Evaluate whether the IdentCache hit rate can be improved:
- Current: 256-entry direct-mapped cache (hash collisions evict).
- Profile hit rate on real Ori files. If hit rate < 80%, consider 512-entry or 2-way set-associative.
- If hit rate > 90%, no changes needed.
Benchmark all changes: cargo bench -p oric --bench lexer -- "lexer/raw".

Semantic pin: Semicolon bypass in try_trivial() should show measurable improvement (> 1%) on code with many short statements.

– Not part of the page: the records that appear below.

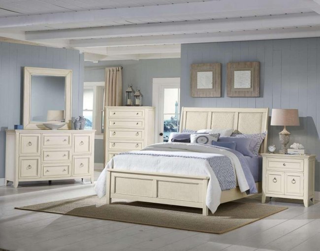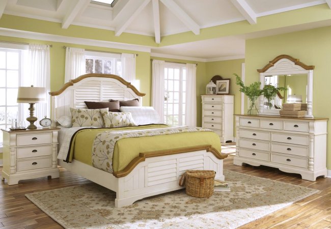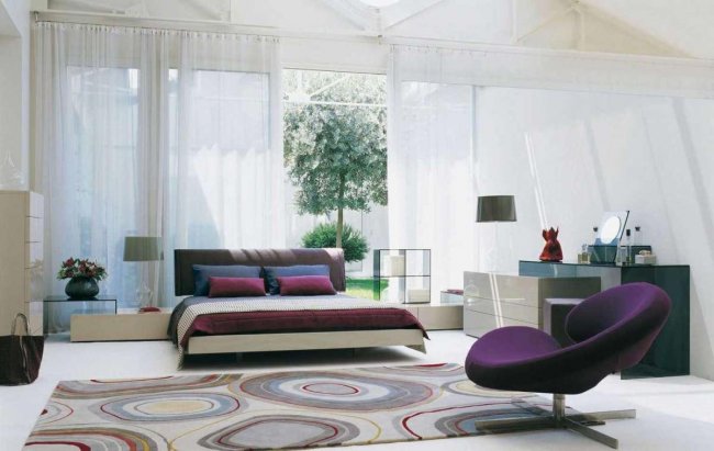 Так, спальня со светлой мебелью в интерьере удачно дополняется легкими и светлыми пастельными тонами обоев, штор или коврового покрытия.
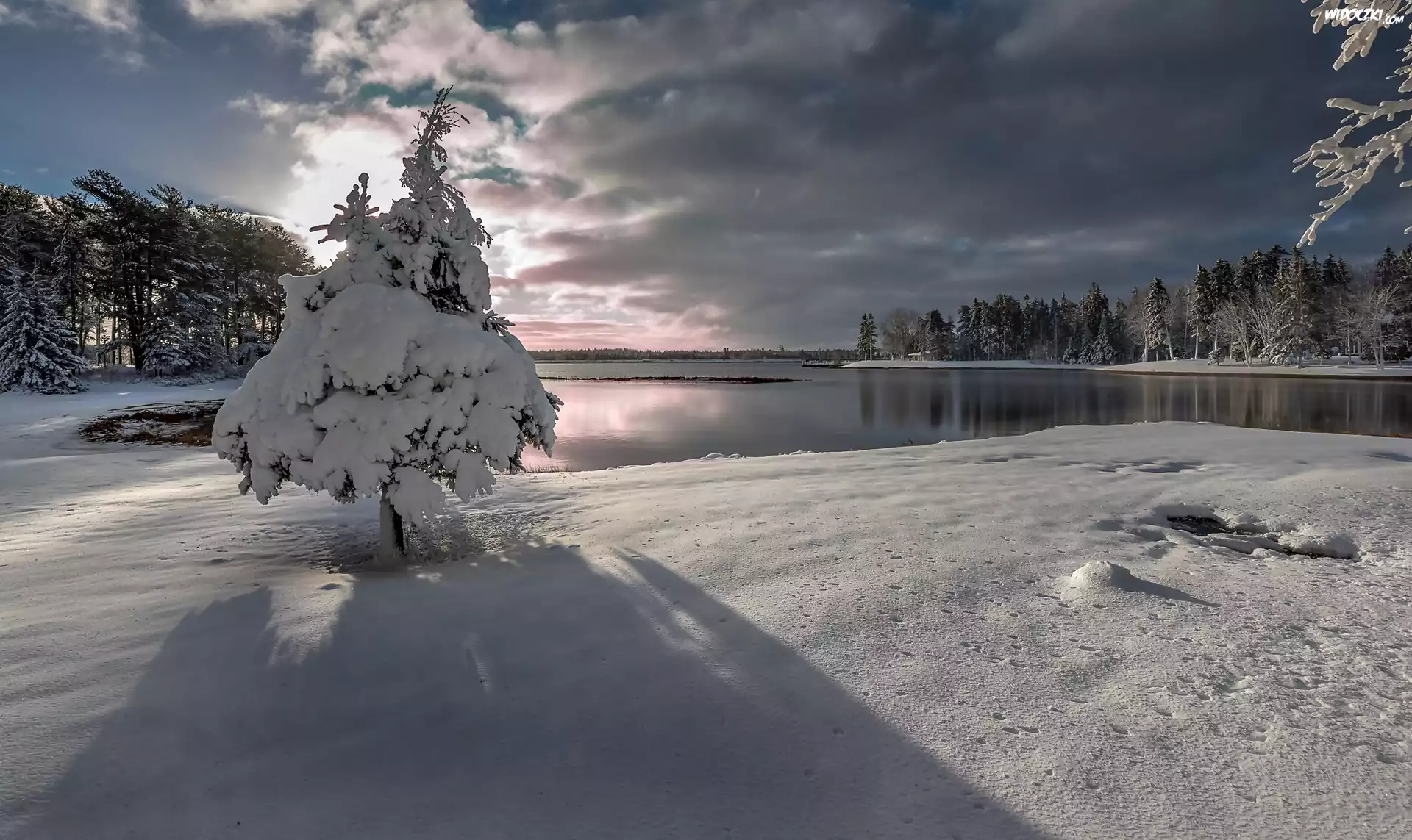 Zima, Jezioro, Wschód Słońca, Drzewo, Cień
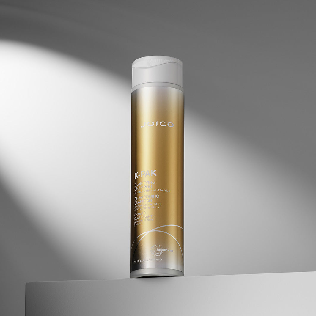 De Joico K-Pak Clarifying Shampoo is een diep reinigende shampoo en verwijdert moeiteloos alle onzuiverheden, stylingresten en overtollige oliën uit je haar zonder het te beschadigen. Zelfs de sporen van chloor, hard water en mineralen die de haarkleur kunnen aantasten worden verwijderd. Verrijkt met krachtige ingrediënten zoals keratine en natuurlijke extracten zorgt deze shampoo voor een grondige reiniging terwijl het je haar verzorgt en versterkt.
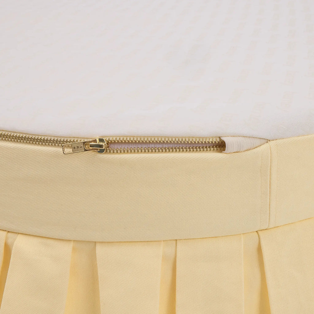 Our Zip Covers unzip like a dream with the YKK Zipper and are machine washable. To wash, simply unzip the cover and remove the foam inserts (don’t forget the chin rests!). Machine wash at 86°F with like colors to keep your cover looking fresh. Line dry to preserve the elegant pleats. Ironing is recommended if pleats become wrinkled. Do not use bleach or harsh chemicals. Do not tumble dry.
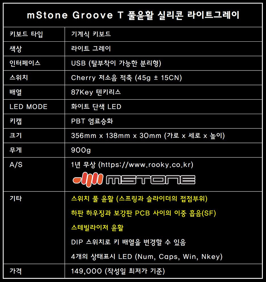 mStone Groove T 풀윤활 키보드의 스펙을 간단히 정리해보았습니다. 앞서 소개한 대로 키보드에 풀 윤활이 되어있다는 부분이 가장 큰 특징인 제품입니다. 분리형 케이블이 적용된 87키 배열의 텐키리스 키보드로 104 풀배열 제품도 있으며 스위치는 리니어 계열(적축, 흑축, 저소음 적축)과 갈축 제품이 있습니다.
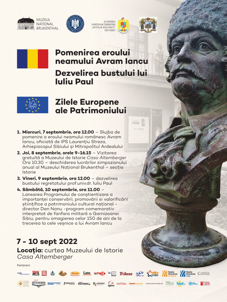 ”În acest an, cu prilejul împlinirii a 150 de ani de la trecerea în veșnicie a omului politic, revoluționarului și eroului neamului românesc Avram Iancu și cu prilejul Zilelor Europene ale Patrimoniului, Muzeul Național Brukenthal a pregătit o serie de evenimente care vor debuta în data de 7 septembrie, cu slujba de pomenire a lui Avram Iancu în fața bustului său amplasat în curtea Muzeului de Istorie – Casa Altemberger din Sibiu, slujbă oficiată de IPS Laurențiu Streza, Arhiepiscop și Mitropolit urmată joi de lucrările simpozionului național de istorie; vineri, 9 septembrie, va avea loc dezvelirea bustului istoricului și profesorului Iuliu Paul tot în curtea Muzeului de Istorie – Casa Altemberger iar sâmbătă va avea loc un spectacol de muzică susținut de Muzica Garnizoanei Sibiu și lansarea Programului de conștientizare a importanței conservării, promovării si valorificării științifice a patrimoniului cultural național, susținut de domnul Dan Nanu, director DJC Sibiu. Joi, 8 septembrie, Muzeul de Istorie – Casa Altemberger și expoziția Academia Fortelor Terestre 175 de ani de învățământ militar românesc vor putea fi vizitate în mod gratuit în intervalul orar 9-16:15. Cu acest prilej, îi invităm pe toți sibieni să participe la aceste adunări publice prilejuite de o serie de evenimente istorice și culturale”, a declarat Alexandru Constantin Chituță, șeful secției Educație, Marketing și Comunicare din cadrul Muzeului Național „Brukenthal”.
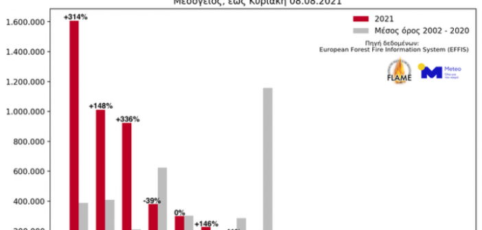 Η Ελλάδα κατατάσσεται τρίτη στη Μεσόγειο – μετά από την Τουρκία και την Ιταλία – σε ό,τι αφορά την καμένη έκταση φέτος (συνολικά 933.680 στρέμματα έως 8 Αυγούστου 2021) και δεύτερη – μετά την Κύπρο – όσον αφορά την αύξηση (+336%) των καμένων εκτάσεων συγκριτικά με τον μέσο όρο της περιόδου 2002 – 2020, σύμφωνα με το meteo του Αστεροσκοπείου.
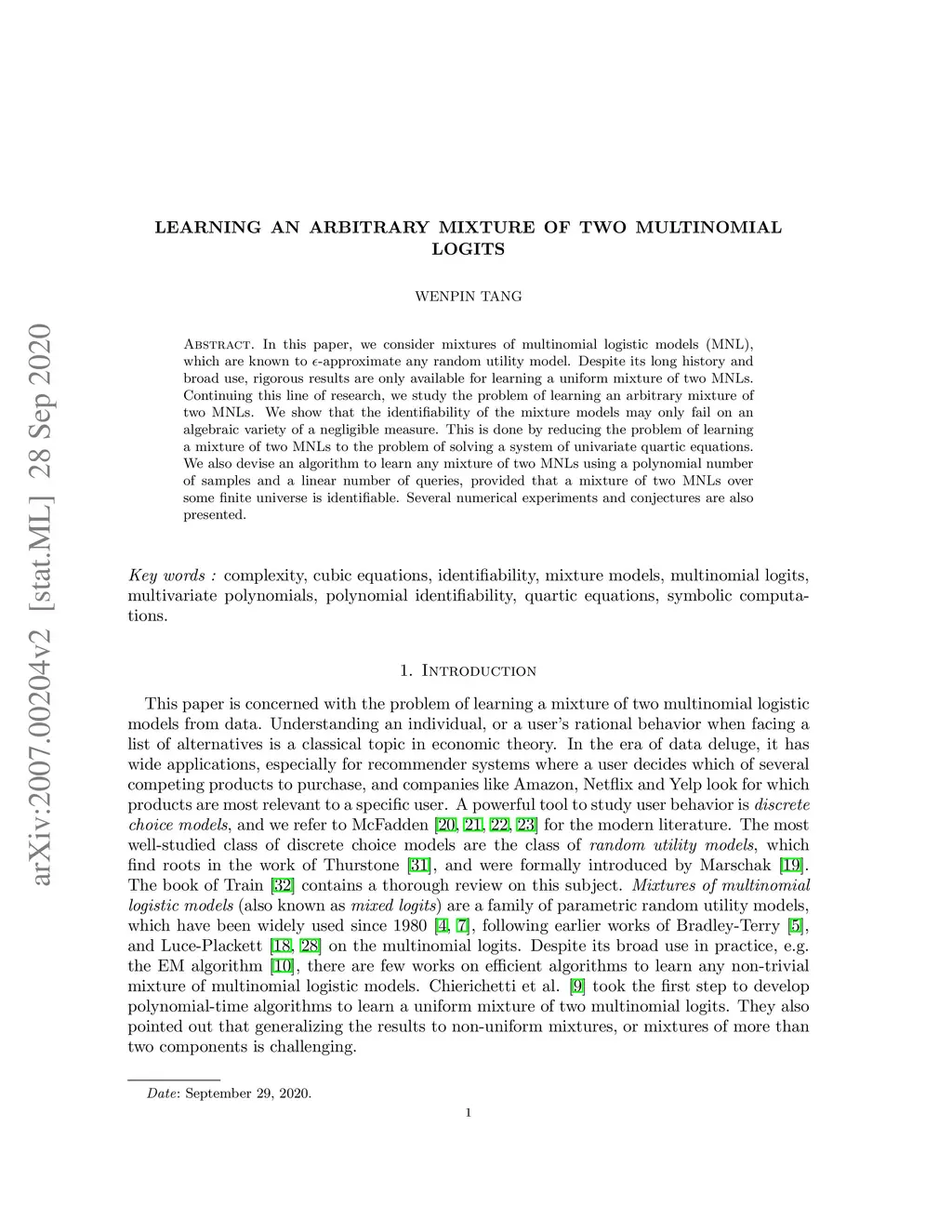 In this paper, we consider mixtures of multinomial logistic models (MNL), which are known to -approximate any random utility model. Despite its long history and broad use, rigorous results are only available for learning a uniform mixture of two MNLs. Continuing this line of research, we study the problem of learning an arbitrary mixture of two MNLs. We show that the identifiability of the mixture models may only fail on an algebraic variety of a negligible measure. This is done by reducing the problem of learning a mixture of two MNLs to the problem of solving a system of univariate quartic equations. We also devise an algorithm to learn any mixture of two MNLs using a polynomial number of samples and a linear number of queries, provided that a mixture of two MNLs over some finite universe is identifiable. Several numerical experiments and conjectures are also presented.
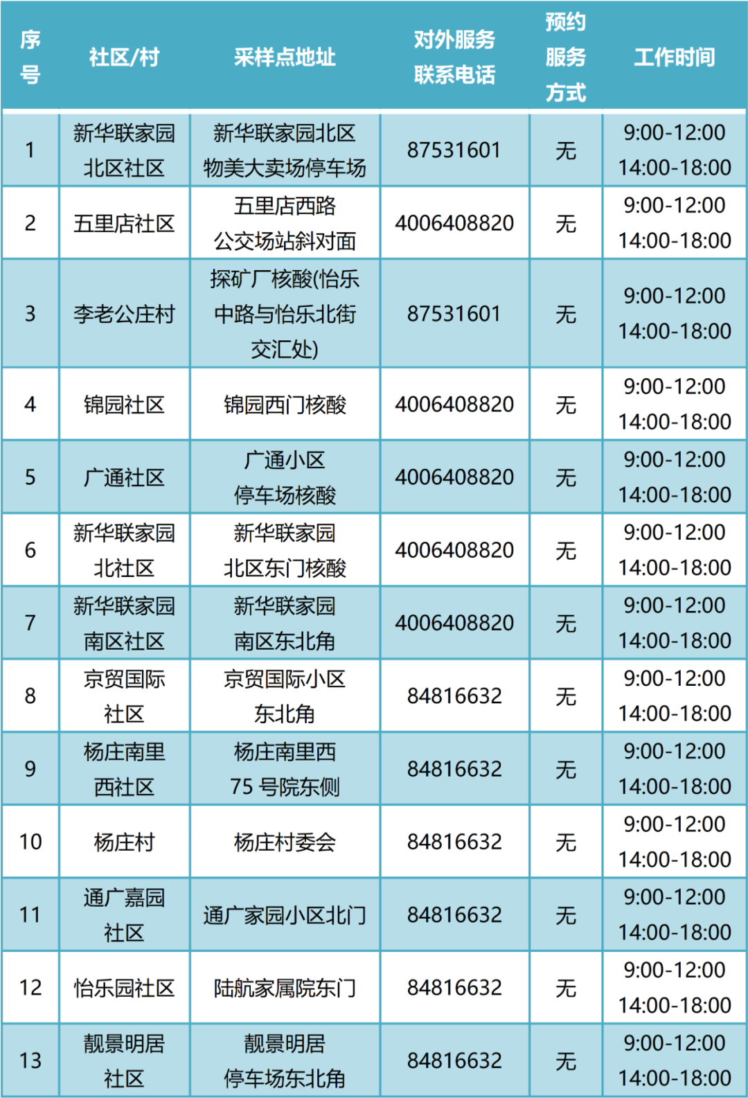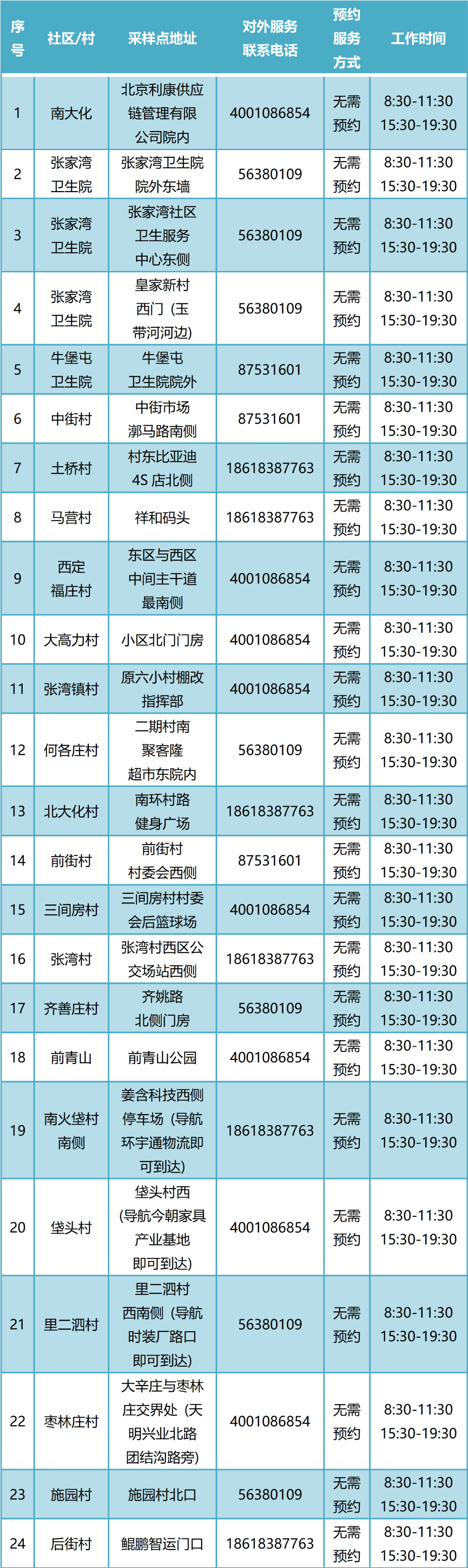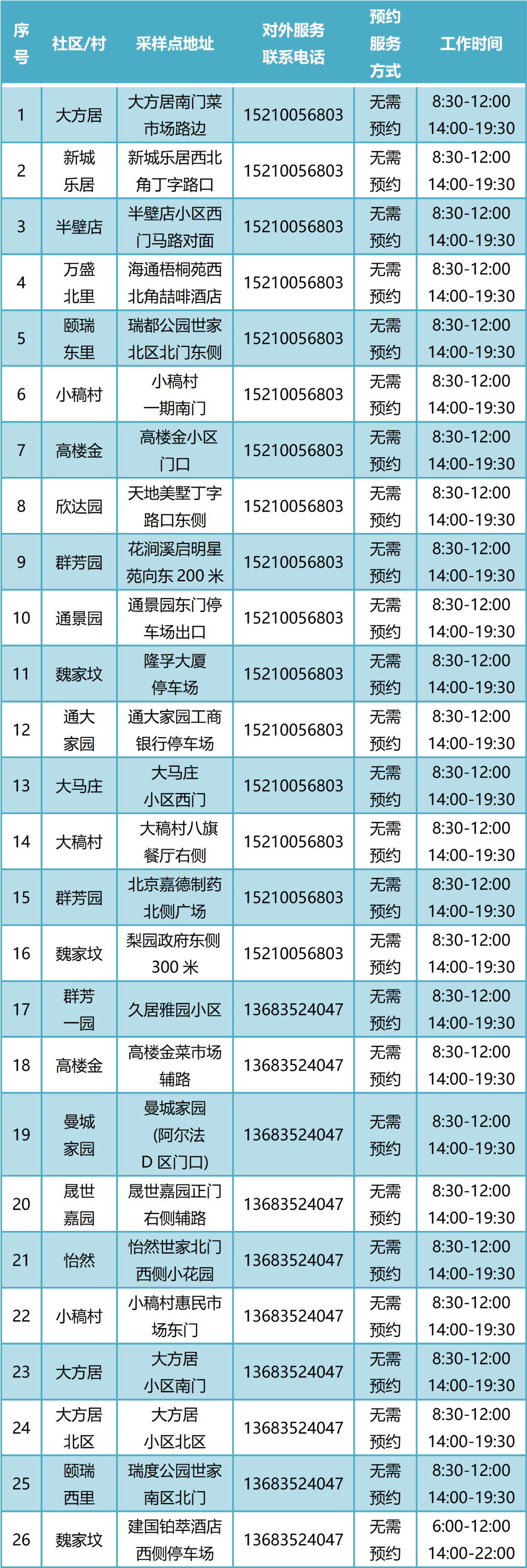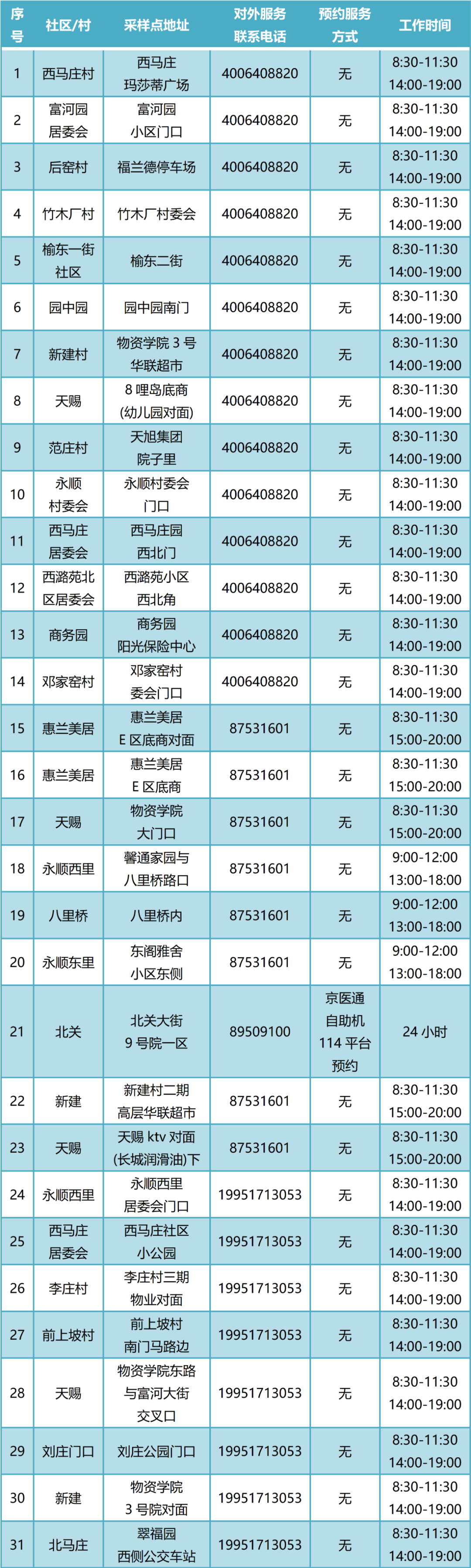 北京通州常态化核酸采样点时间地址电话预约(最新411个)
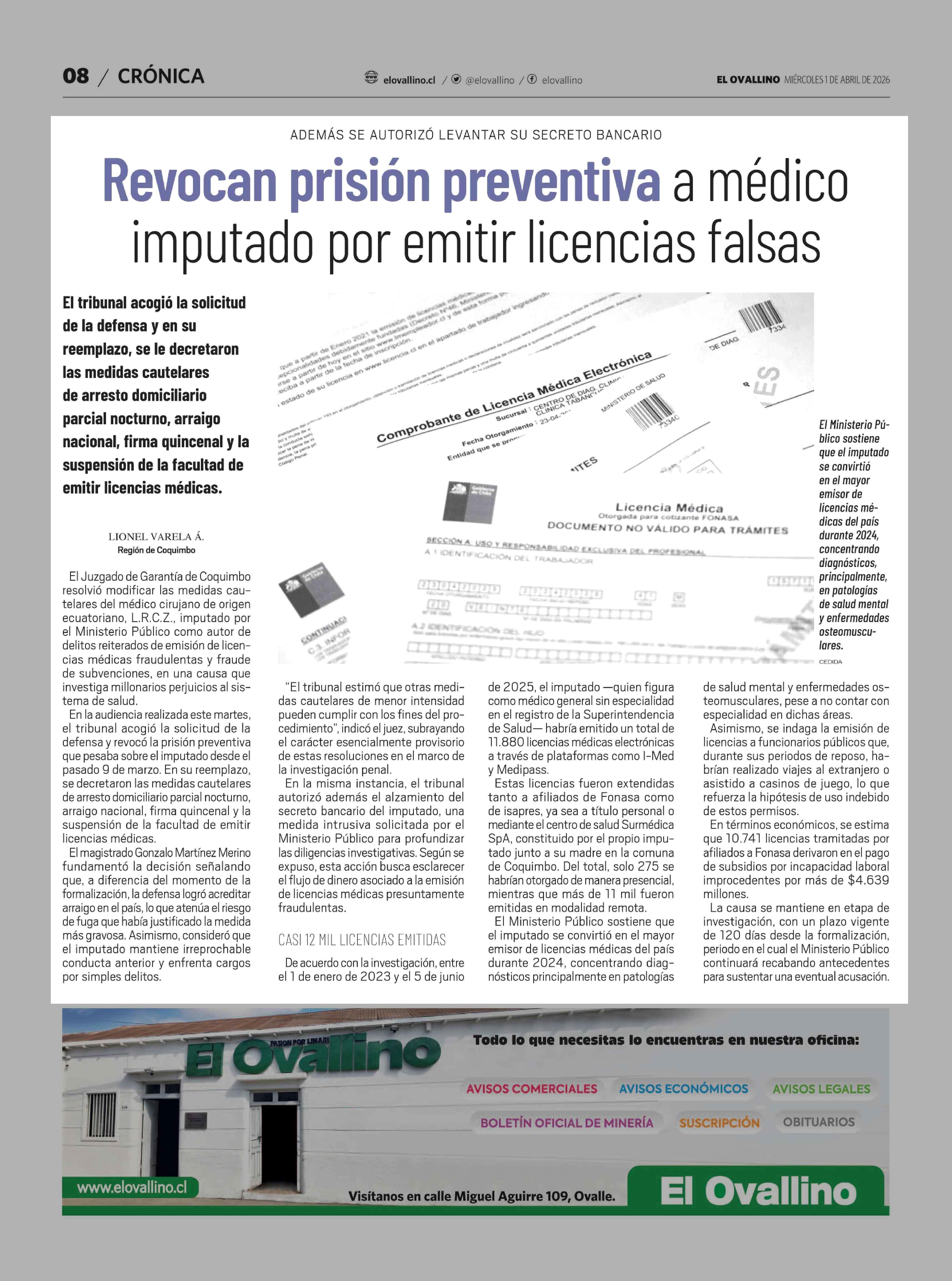 Fuente: El Ovallino (El Ovallino) Página(s): 8
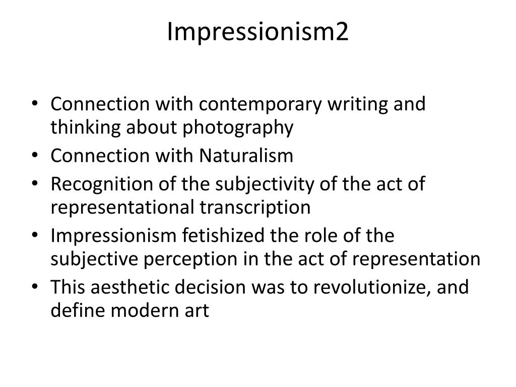 Impressionism2 • Connection withcontemporarywriting and thinkingaboutphotography • Connection withNaturalism • Recognitionof the subjectivityof the actofrepresentationaltranscription • Impressionismfetishized the roleof the subjectiveperception in the actofrepresentation • Thisaestheticdecisionwastorevolutionize, and definemodern art

/tpr-review passed — independent review found no critical or major issues (or all findings triaged)
/impl-hygiene-review passed — hygiene review clean. MUST run AFTER /tpr-review is clean.
Subsection close-out (03.3) — MANDATORY before starting the next subsection. Run /improve-tooling retrospectively on THIS subsection’s debugging journey (per .claude/skills/improve-tooling/SKILL.md “Per-Subsection Workflow”): which diagnostics/ scripts you ran, where you added dbg!/tracing calls, where output was hard to interpret, where test failures gave unhelpful messages, where you ran the same command sequence repeatedly. Forward-look: what tool/log/diagnostic would shorten the next regression in this code path by 10 minutes? Implement improvements NOW (zero deferral) and commit each via SEPARATE /commit-push using a valid conventional-commit type (build(diagnostics): ... — surfaced by section-03.3 retrospective — build/test/chore/ci/docs are valid; tools(...) is rejected by the lefthook commit-msg hook). Mandatory even when nothing felt painful. If genuinely no gaps, document briefly: “Retrospective 03.3: no tooling gaps”. Update this subsection’s status in section frontmatter to complete.
/sync-claude section-close doc sync — verify Claude artifacts across all section commits. Map changed crates to rules files, check CLAUDE.md, canon.md. Fix drift NOW.
Repo hygiene check — run diagnostics/repo-hygiene.sh --check and clean any detected temp files.

03.R Third Party Review Findings

None.

03.N Completion Checklist

Correctness verification: All changes in this section are performance-only (adding #[inline], tuning allocation sizes, moving token kinds between fast paths). No behavioral change is expected. The existing lexer test suite (unit tests + spec tests) serves as the correctness regression guard. Run the full suite BEFORE any optimization to establish a green baseline, then after each change to verify zero regressions. If any test fails after an optimization, the optimization introduced a bug — revert and investigate.

Exit Criteria: cargo bench -p oric --bench lexer -- "lexer/raw" shows throughput improvement compared to baselines. All test suites green. Final improvement measurement deferred to Section 06 (unified verification).